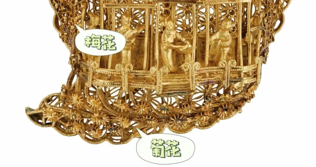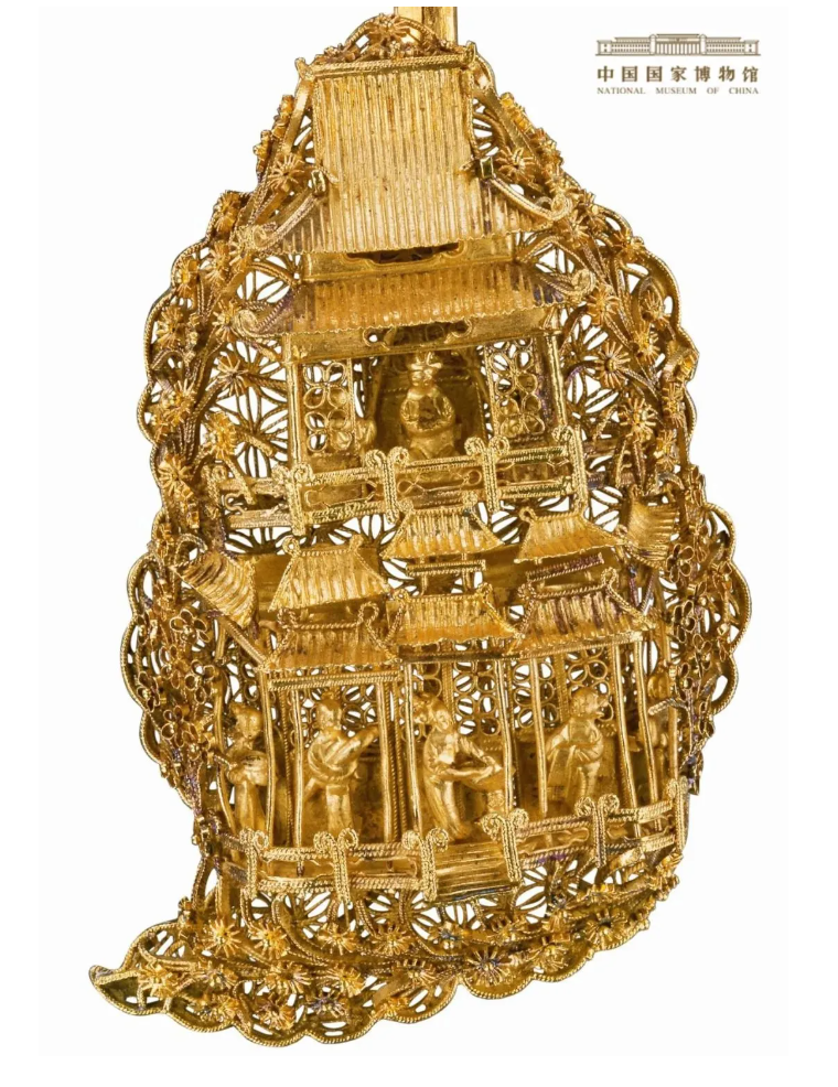 这支发簪之所以如此华美,秘诀在于高超的累丝工艺,也就是将金料拉成极细的金丝,再由明代的“建模大师”编织成各式花纹,焊接在簪子上,制造出的簪首“重工”又不失轻巧。
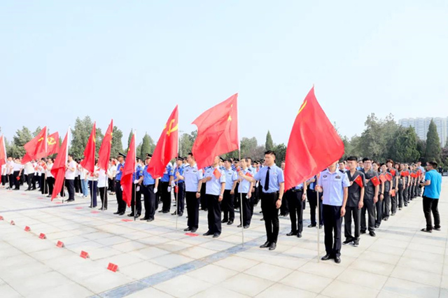 “我志愿加入中国共产党……履行党员义务……为共产主义奋斗终身……”,随着铿锵有力的宣誓声,全体党员高举右拳,面向党旗,一字一句,由滑县县委书记陈忠带领大家共同重温入党誓词,拉开了滑县庆祝建党100周年大型“快闪”活动的序幕。
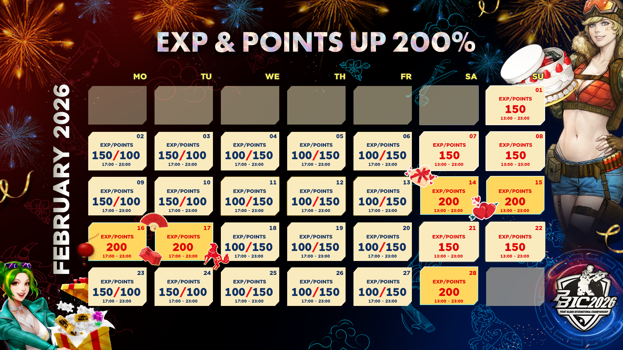 2026年2月份EXP&Point加成時程表
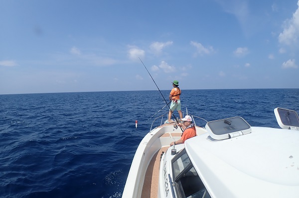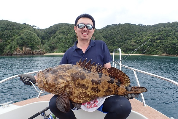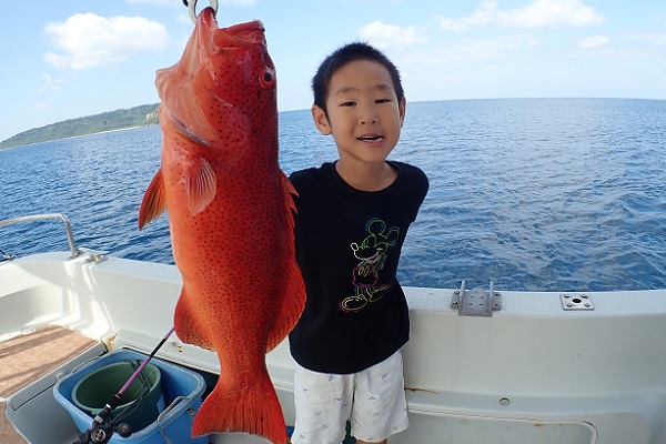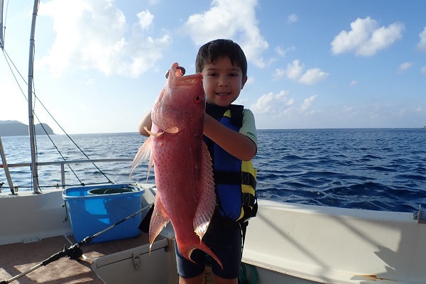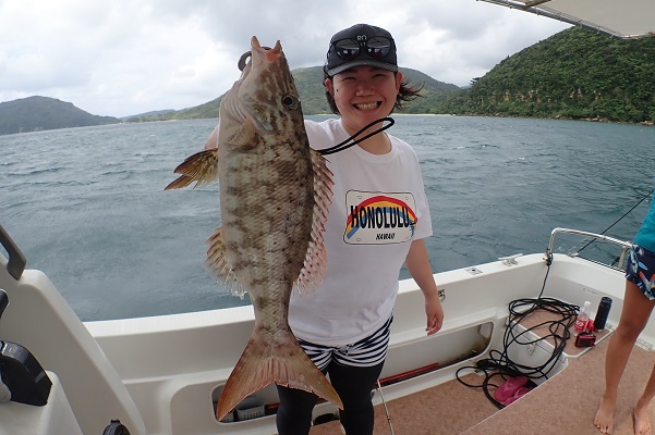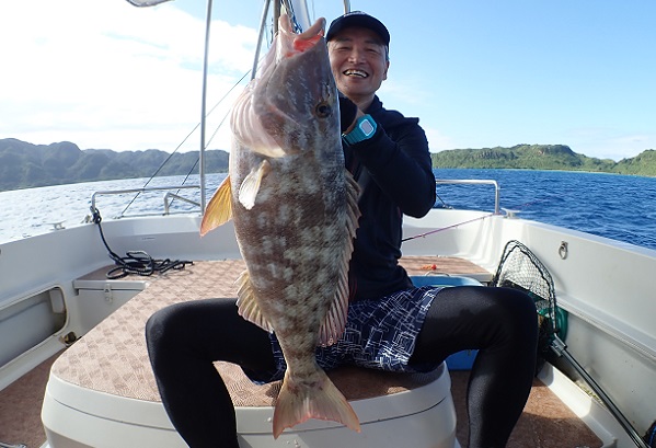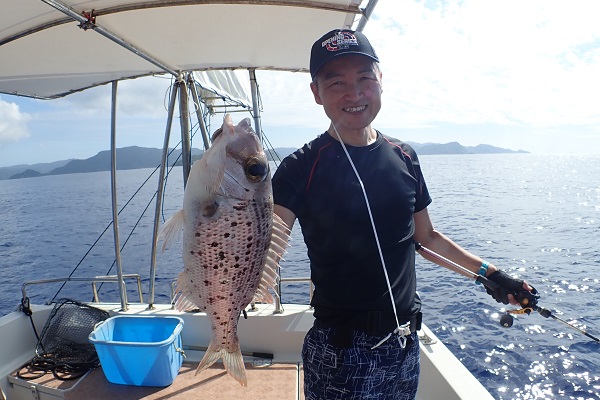 | 午後は香港からお越しのご家族です。まずは、海ガメポイントでカメを見てから釣り開始。午前中よりも食いが悪く苦戦しましたが、 良型ナガジューミーバイ。アタリも小さく、合わせるのが難しい潮。 是非次回は、大物狙って沖へ行きましょうね。 |

────────────────────────────────────────

▶ **TASK BRIEF**: Every line of the material must be repeated exactly; pictures stay out.

▶ **WRITTEN REPLY**:
 这支发簪之所以如此华美,秘诀在于高超的累丝工艺,也就是将金料拉成极细的金丝,再由明代的“建模大师”编织成各式花纹,焊接在簪子上,制造出的簪首“重工”又不失轻巧。
 “我志愿加入中国共产党……履行党员义务……为共产主义奋斗终身……”,随着铿锵有力的宣誓声,全体党员高举右拳,面向党旗,一字一句,由滑县县委书记陈忠带领大家共同重温入党誓词,拉开了滑县庆祝建党100周年大型“快闪”活动的序幕。
 2026年2月份EXP&Point加成時程表
 | 午後は香港からお越しのご家族です。まずは、海ガメポイントでカメを見てから釣り開始。午前中よりも食いが悪く苦戦しましたが、 良型ナガジューミーバイ。アタリも小さく、合わせるのが難しい潮。 是非次回は、大物狙って沖へ行きましょうね。 |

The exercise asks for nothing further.